Pada Kamis (18/6), Selandia Baru kembali melaporkan satu kasus baru COVID-19 di wilayahnya dalam 24 jam terakhir. Satu kasus baru ini berasal dari seorang pelancong asal Pakistan. Adapun kasus impor ini dilaporkan setelah dua kasus impor lainnya yang dilaporkan pada awal pekan.

Pejabat kesehatan Selandia Baru pun meminta maaf atas munculnya kasus-kasus baru tersebut. Satu kasus terbaru yang dilaporkan di Selandia Baru ini melibatkan seorang pria berusia sekitar 60 tahun yang menjalani karantina usai tiba dari Pakistan pada 13 Juni, dengan pesawat Air New Zealand via Melbourne, Australia. Pria tersebut menunjukkan gejala COVID-19 pada 15 Juni.

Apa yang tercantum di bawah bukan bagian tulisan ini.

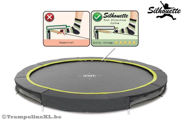 Silhouette ground 244 trampoline met een maximaal belastbaar gewicht tot 50 kilo. Vinden uw kinderen het ook zo fantastisch om te springen op een trampoline? Dan is de Silhouette ground echt iets voor u! Deze trampoline heeft een diameter van 244 cm en moet worden ingegraven. Omdat de veren worden afgedekt door een beschermrand kunnen kinderen hier niet met hun voetjes bijkomen! De Silhouette ground is uitgerust met 14 cm lange veren die ook na jaren springen nog steeds garant staan voor een stevige sprongkracht en voor comfort!

Perjalanan penanganan COVID-19 di Selandia Baru itu tentu saja akan menjadi patokan pemerintah untuk tetap waspada terhadap kemunculan kasus baru. Misalnya saja kalau melihat Vietnam, yang selama tiga bulan terakhir sempat tanpa penularan kasus COVID-19 domestik, baru-baru ini justru berjuang untuk mengendalikan wabah di Da Nang.

Demikian pula tetangga Selandia Baru, Australia. Melbourne, kota terbesar kedua negara tersebut, telah di-lockdown selama enam minggu karena lonjakan kasus. Gelombang kedua kasus di Melbourne sebagian besar disebabkan oleh pelanggaran karantina.

Minggu lalu, Selandia Baru pun meningkatkan pengujian di fasilitas dan klinik karantina, dan mulai menyiapkan pelacakan berbasis Bluetooth.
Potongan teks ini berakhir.